2008 Winton V8 Supercar round
- Date: 1–3 August 2008
- Location: Benalla, Victoria
- Venue: Winton Motor Raceway
- Weather: Fine

Results

Race 1
- Distance: 40 laps / 120 km
- Pole position: Mark Winterbottom Ford Performance Racing / 1:22.9727
- Winner: Jamie Whincup Triple Eight Race Engineering / 57:39.1073

Race 2
- Distance: 40 laps / 120 km
- Winner: Will Davison Dick Johnson Racing / 1:01:51.4044

Race 3
- Distance: 40 laps / 120 km
- Winner: Garth Tander Holden Racing Team / 59:00.7895

Round Results
- First: Garth Tander; Holden Racing Team; / 272 pts
- Second: Jamie Whincup; Triple Eight Race Engineering; / 272 pts
- Third: Will Davison; Dick Johnson Racing; / 272 pts

= 2008 V8 Supercars Winton round =

2008 Supercar Championship event

The eighth round of the V8 Supercar Championship was held at Winton Motor Raceway in Benalla, Victoria, on the weekend of August 1 to August 3 of 2008.

== Qualifying ==
Qualifying was held on Saturday August 2. Chris Pither rejoined the series driving the Team Kiwi Racing Falcon, replacing Kayne Scott as the team continued to struggle from one drama to the next. Mark Winterbottom was too quick for the field, securing pole position.

== Race 1 ==
Race 1 was held on Saturday August 2. Mark Winterbottom started from pole position and lead early but a puncture caused by debris dumped the series points leader down the field as he limped the car around, keeping the car on track until the compulsory pit stop window opened.

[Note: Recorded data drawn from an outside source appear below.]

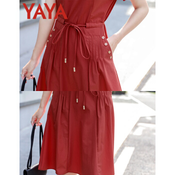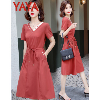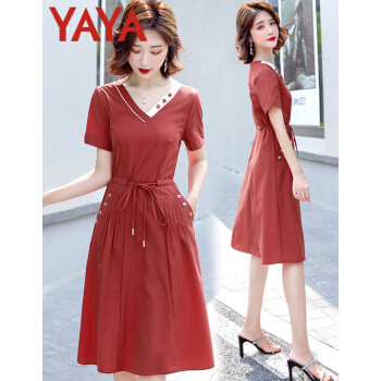 鸭鸭服饰(yaya)连衣裙女2020女装夏季新款女装显瘦减龄收腰A字裙复古休闲气质裙子女 红色 请选择正确尺码 |
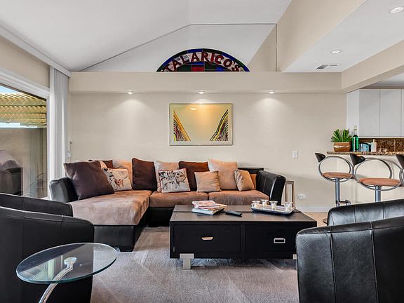 The location of this unit is one of the most sought after in Woodhaven Country Club. Located on the 7th fairway, about 90 ft to the green, the position is perfect. When sitting on the patio, the breathtaking view span across 5 fairways framing the San Jacinto and Santa Rosa Mountains. This unit is being sold turnkey furnished! (With a few personal exclusions, ask for list). All big-ticket items have been complete. New window package on back, new Durawood awning, upgraded HVAC, lighting, stainless steel appliance, new stackable washer and dryer, new carpet in bedrooms, travertine throughout the other living spaces. The den is furnished as a 3rd bedroom with a new dedicated bath nearby, and if that isn't enough, the golf cart is included!! Contact the listing agent for your personal showing.
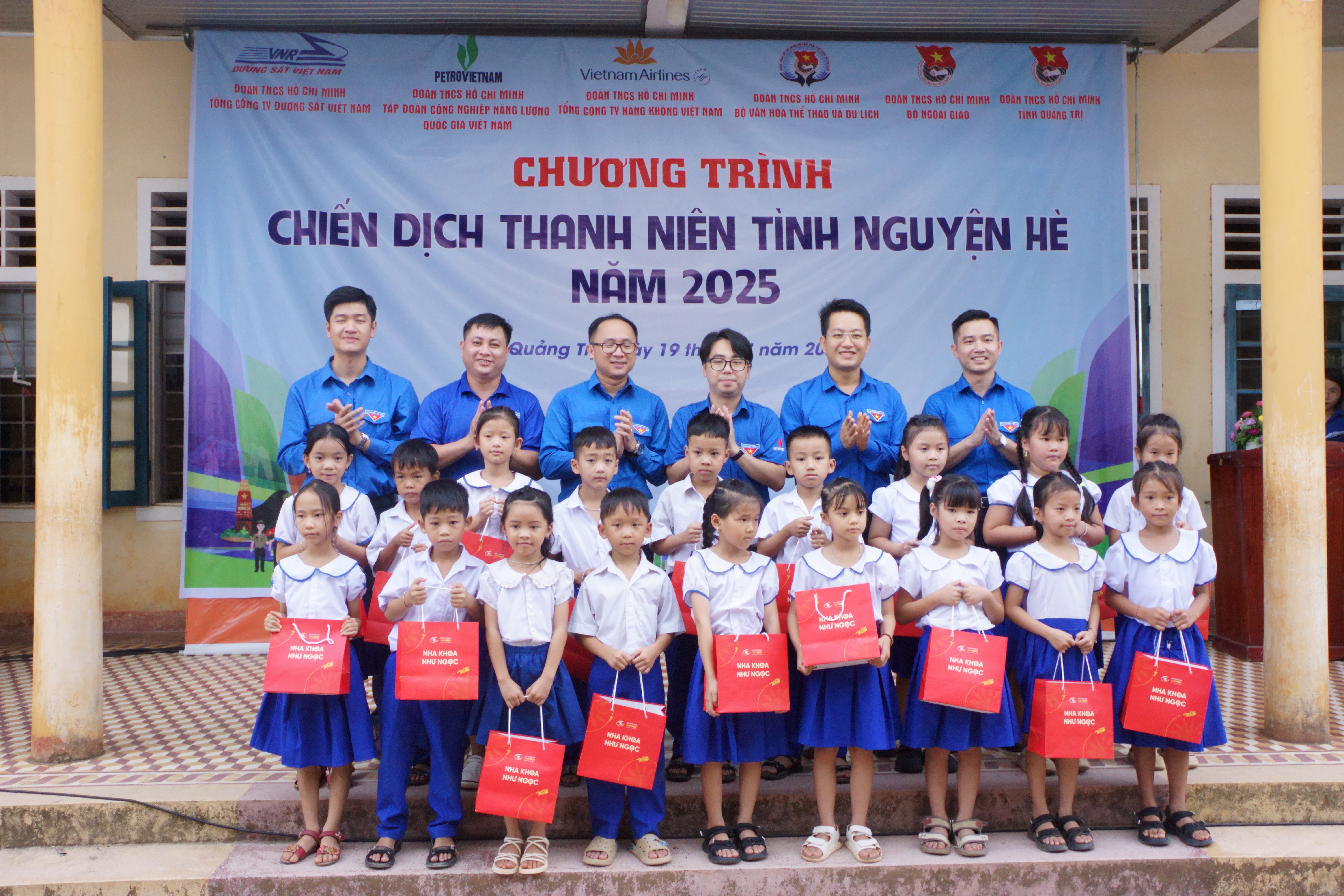 Đoàn Thanh niên Bộ Ngoại giao trao tặng 20 phần quà cho học sinh có hoàn cảnh khó khăn, trị giá 20 triệu đồng. Đoàn Thanh niên Tập đoàn Công nghiệp – Năng lượng Quốc gia Việt Nam tài trợ một sân chơi thiếu nhi trị giá 40 triệu đồng, tạo không gian vận động, vui chơi lành mạnh cho trẻ em địa phương. Đoàn Thanh niên Tổng công ty Đường sắt Việt Nam trao tặng một “Ngôi nhà yêu thương” cho một hộ gia đình khó khăn trên địa bàn, thể hiện tinh thần sẻ chia, tương thân tương ái của tuổi trẻ.

Will Davison emerged from the pit stop cycle in the race lead but was over taken by Jamie Whincup while Davison was vulnerable with cold tyres. Whincup went on to take his fifth race win of the year. Davison ran home for second with Garth Tander first Holden in third. Fourth place was Jason Richards best of season for both him and the Tasman Motorsports team. Steven Richards was fifth with Lee Holdsworth finishing sixth. Todd Kelly was well up in seventh with ninth an excellent result for Michael Caruso. Winterbottom recovered to 21st position.

After racing was completed Holdsworth was penalised 32 seconds after contact with Rick Kelly had sent the HSV Dealer Team driver off the circuit, dropping him to effectively 18th position.

== Race 2 ==
Race 2 was held on Sunday August 3. Contact between Jason Richards and Steven Richards resulted in Jason Richards spinning in front of the field at just the second corner of the race. Russell Ingall was put out of the race after contact with Steven Richards damaged the front end of his Commodore as Richards moved right to avoid. Michael Caruso was jammed against the wall by the crashing Jason Richards. Mark Skaife was punted by another car into a wall on the inside as he tried to avoid the developing accident. The final victim was Steven Richards a broken rear axle sidelining the Falcon late in the race. The car was given a patch repair and sent out to finish the race to get some points.

Will Davison again emerged from the pitstop cycle in the lead, this time with enough of a buffer over the second place that he raced on to take his second V8 Supercar race win. Hard-charging Mark Winterbottom blitzed the field to climb into second position after the pitstops. Garth Tander was again third ahead of teammates Jamie Whincup and Craig Lowndes with Rick Kelly sixth.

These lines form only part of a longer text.